The Condition Number as a Scale-Invariant Proxy for Information Encoding in Neural Units
Oswaldo Ludwig
TL;DR
This work investigates using the condition number of neural weight tensors as a scale-invariant proxy for information encoding, linking anisotropic singular-value distributions to efficient, task-relevant information processing. It develops a theoretical framework under Gaussian linear units to relate singular values, entropy, and scale-invariance, and argues that high anisotropy (large κ) concentrates discriminative information while reducing overall output entropy.
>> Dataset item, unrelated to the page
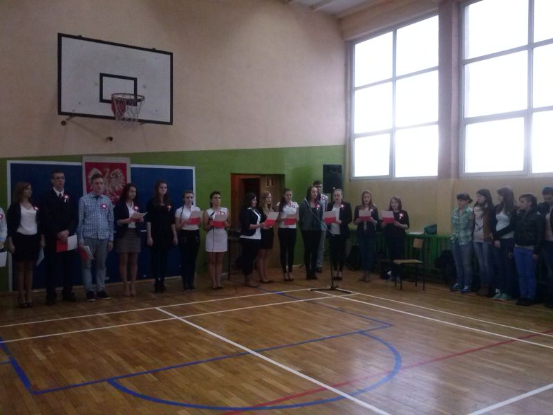 Cała społeczność szkolna miała okazję uczestniczyć w niezwykłej lekcji historii, wsłuchując się z uwaga w słowa polskich pieśni patriotycznych oraz poznając historię państwa i narodu.

The authors validate the approach with KappaTune, a selective fine-tuning method that unfreezes low-kappa tensors, showing improved catastrophic forgetting mitigation in multimodal LLMs and ASR tasks without requiring pre-training data. The results suggest practical, data-free adaptation strategies guided by intrinsic properties of weight tensors and point to broader validation and generalization in future work.
Abstract
This paper explores the relationship between the condition number of a neural network's weight tensor and the extent of information encoded by the associated processing unit, viewed through the lens of information theory. It argues that a high condition number, though not sufficient for effective knowledge encoding, may indicate that the unit has learned to selectively amplify and compress information. This intuition is formalized for linear units with Gaussian inputs, linking the condition number and the transformation's log-volume scaling factor to the characteristics of the output entropy and the geometric properties of the learned transformation. The analysis demonstrates that for a fixed weight norm, a concentrated distribution of singular values (high condition number) corresponds to reduced overall information transfer, indicating a specialized and efficient encoding strategy. Furthermore, the linear stage entropy bound provides an upper limit on post-activation information for contractive, element-wise nonlinearities, supporting the condition number as a scale-invariant proxy for encoding capacity in practical neural networks. An empirical case study applies these principles to guide selective fine-tuning of Large Language Models for both a new task and a new input modality. The experiments show that the proposed method, named KappaTune, effectively mitigates catastrophic forgetting. Unlike many existing catastrophic forgetting mitigation methods that rely on access to pre-training statistics, which are often unavailable, this selective fine-tuning approach offers a way to bypass this common requirement.